Le contrôle ne repose pas sur la confiance accordée au modèle, mais sur l’architecture du produit. L’IA prépare, elle n’est pas là pour être créative, et l’humain est systématiquement intégré aux boucles de validation avant le déclenchement d’une action. Tout ce qui engage l’entreprise passe par une validation de l’artisan et rien ne part avant qu’il ait explicitement validé.

À cela s’ajoute la nature déterministe des workflows. Comme le format et les mentions obligatoires sont cadrés dans le template, l’artisan n’a pas à vérifier une mise en forme différente à chaque fois : il vérifie le fond, pas la forme. C’est ce qui rend la relecture rapide, et efficace.

Et la facturation électronique ? Au 1er septembre 2026, dans quelques semaines, toutes les entreprises devront pouvoir recevoir une facture électronique.

Il faut être précis sur ce point, car c’est celui sur lequel beaucoup d’outils entretiennent le flou. Produire une facture correctement formée et l’émettre au sens de la réforme de la facturation électronique sont deux choses différentes.

InProcess n’est pas Plateforme Agréée, ce que l’on appelait auparavant PDP. Nous générons la facture et ses données : mentions obligatoires, structure, récapitulatif. Nous avons fait contrôler une facture issue de l’outil par une plateforme agréée, et le document passe la validation. La transmission et l’archivage à valeur probante, en revanche, passent par le canal habilité de l’artisan, c’est-à-dire sa plateforme agréée ou le logiciel comptable qu’il utilise. C’est là que la facture acquiert sa valeur légale. Notre rôle s’arrête à la produire proprement et à ce qu’elle arrive dans ce canal.

Pour un artisan, cela signifie deux choses. L’obligation qui tombe au 1er septembre est celle de recevoir : il doit être en mesure de recevoir une facture électronique de ses fournisseurs, ce qui ne se règle pas avec un outil de devis, mais avec son expert-comptable et sa plateforme. L’obligation d’émettre, elle, arrive en septembre 2027 pour les TPE et les PME. Il dispose donc d’un an, et le bon réflexe consiste à vérifier dès maintenant par quel canal ses factures partiront, plutôt que de le découvrir l’été prochain.

Un artisan qui envisage de s’équiper : quelles questions doit-il se poser avant de comparer les outils ?

Deux, essentiellement, et elles précèdent toute comparaison de fonctionnalités ou de prix (pour aller plus loin, voir notre comparatif des logiciels BTP 2026).

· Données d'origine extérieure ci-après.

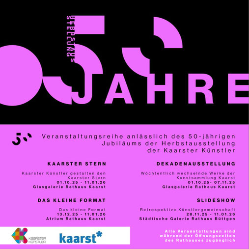 Gleichzeitig werden Werke aus der Kunstsammlung der Stadt gezeigt, die sich aus Ankäufen aus der Herbstausstellung über die 50 Jahre zusammensetzt. Die Ausstellung geht über 5 Wochen und zeigt jede Woche jeweils ein Jahrzehnt aus den Ankäufen. Sie dokumentiert das künstlerische Schaffen und die Vielfalt der in Kaarst ansässigen bildenden Künstler.
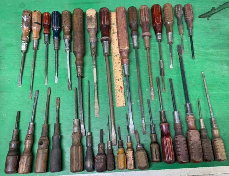 Title (ebay affiliate link): Vintage Lot of 32 Wooden Handle Screwdrivers Old Hand Tool

La première : qui va s’en servir ? Un artisan seul et une entreprise de cinq compagnons n’ont pas le même besoin. Dès qu’ils sont plusieurs, la question devient celle du partage de l’information : est-ce que le technicien qui rédige son compte rendu sur le chantier alimente le même dossier que la personne qui facture au bureau, ou est-ce que chacun tient sa version ? Beaucoup d’outils règlent très bien le cas d’une personne seule et se révèlent inutilisables à trois. C’est une question à se poser avant, pas après.

La seconde : qui va maintenir tout cela dans le temps ? On voit beaucoup d’artisans et de petites structures bricoler leur propre automatisation avec un assistant généraliste et deux ou trois outils branchés ensemble. Cela fonctionne, souvent bien, pendant quelques semaines. Puis un des outils change, un modèle est mis à jour, et il faut reprendre l’ensemble. Ce qu’on construit soi-même, on le maintient soi-même, et ce temps de maintenance n’apparaît jamais dans le calcul initial. La vraie question n’est donc pas « est-ce que je peux le faire moi-même », mais « est-ce que je veux en être responsable dans deux ans ».

Si les réponses sont claires, le choix devient simple.